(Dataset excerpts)
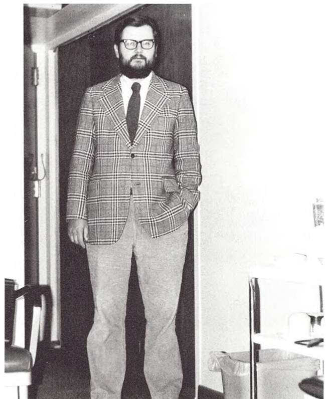
Beware all who enter here!
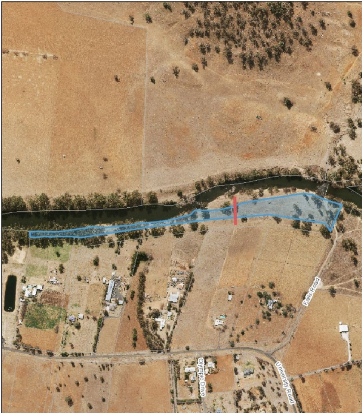
DIAGRAM SHOWING LICENCE AREA IN RED

DISCLAIMER - While every care is taken to ensure the accuracy of this data, the Dubbo Regional Council and the copyright owners, in permitting the use of this data, make no representations or warranties about its accuracy, reliability, completeness or suitability for any particular purpose and disclaim all responsibility and all liability (including without limitation, liability in negligence) for all expenses, losses, damages (including indirect or consequential damage) and costs which you might incur as a result of the data being inaccurate or incomplete in any way and for any reason. © State of NSW Land and Property Information (LPI) 2018 © Dubbo Regional Council 2018
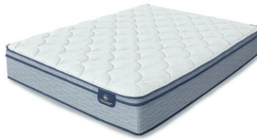
Queen Size Pillowtop Mattress Set
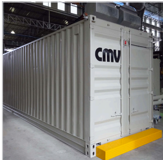
Blast room in container.
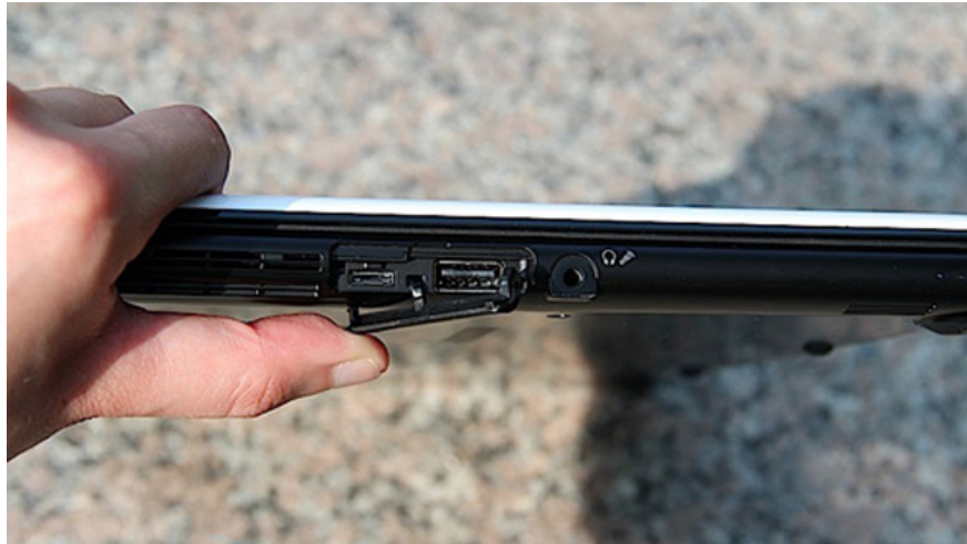
USB connection port.

→ TASK STATEMENT
Every line from the one containing "DIAGRAM SHOWING LICENCE AREA IN RED" through the end of the entries above, both included, should be extracted exactly, with pictures left out.

→ ANSWER AREA
DIAGRAM SHOWING LICENCE AREA IN RED

DISCLAIMER - While every care is taken to ensure the accuracy of this data, the Dubbo Regional Council and the copyright owners, in permitting the use of this data, make no representations or warranties about its accuracy, reliability, completeness or suitability for any particular purpose and disclaim all responsibility and all liability (including without limitation, liability in negligence) for all expenses, losses, damages (including indirect or consequential damage) and costs which you might incur as a result of the data being inaccurate or incomplete in any way and for any reason. © State of NSW Land and Property Information (LPI) 2018 © Dubbo Regional Council 2018
Queen Size Pillowtop Mattress Set
Blast room in container.
USB connection port.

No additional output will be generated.